The Attempt at a Solution

(b) The frequency is 870 kHz, so one oscillation takes a time of $$1.15\times 10^{-6}~s$$

$$\frac{\Delta \Phi}{\Delta t}= \frac{\Delta B}{\Delta t}~\times A = \frac{(2)(1.7\times 10^{-9}~T)}{(\frac{1}{2})(1.15\times 10^{-6}~s)}~\times \pi~(0.050~m)^2$$

Would this be the way to find $$\frac{\Delta \Phi}{\Delta t}$$

(c) I'm not sure where to start.

Last edited by a moderator:
Delta2

Homework Helper
Gold Member
For ## \frac{\Delta{\Phi}}{\Delta t}##, ## B=B_o \cos(\omega t) ##, so that ## \frac{dB}{dt}=-\omega \sin(\omega t) =\omega \cos(\omega t+\pi/2) ##, where ## \omega=2 \pi f ##. The factor ## \omega ## is the correct factor to use here. Using ## f=\frac{1}{T} ## will be missing the ## 2 \pi ## factor. ## \\ ## And (c) is simple. You just need to convert ## L=5.0## cm to meters. They give you the electric field ## E ## for the electromagnetic wave. The EMF for that case is ## \mathcal{E}=\int E \cdot dl=E L ##.

Delta2 and midgic
Thank you so much for your reply. That makes sense for part (b).

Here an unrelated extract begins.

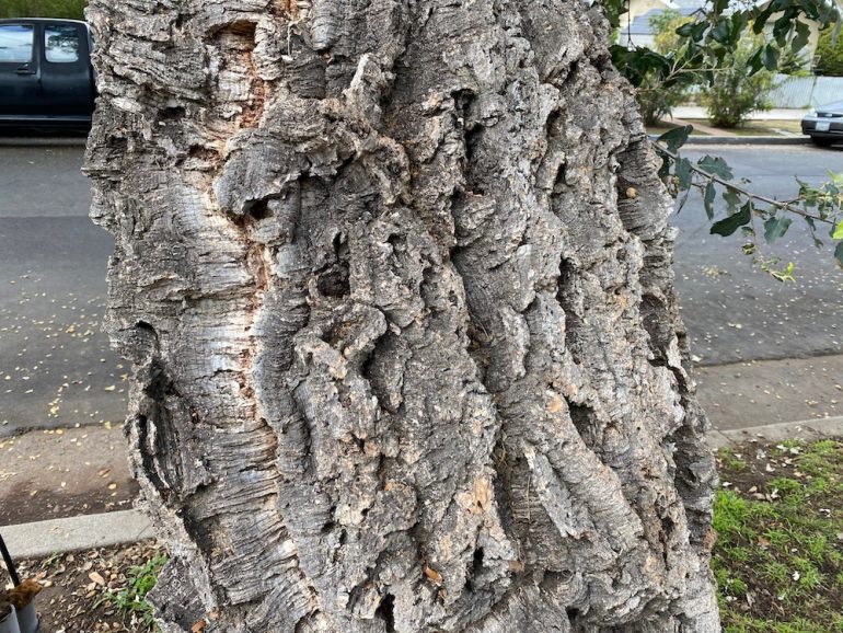 Back to architecture! The Union Bank on Nogales Avenue is lovely, and one rarely sees a bank branch on a side street. Speaking of lovely, how about that courtyard oak elsewhere in the neighborhood? And that driveway?

I think I can write it like this: (?)
$$B = B_0~cos(\omega~t)$$
$$\frac{dB}{dt} = -B_0~\omega~sin(\omega~t)$$
Then $$emf = -N~B_0~(2\pi~f) \times \pi~r^2$$

And for part (c)....well as you point out, that's quite straight-forward. I should have been able to do that one.

Thanks very much for your help.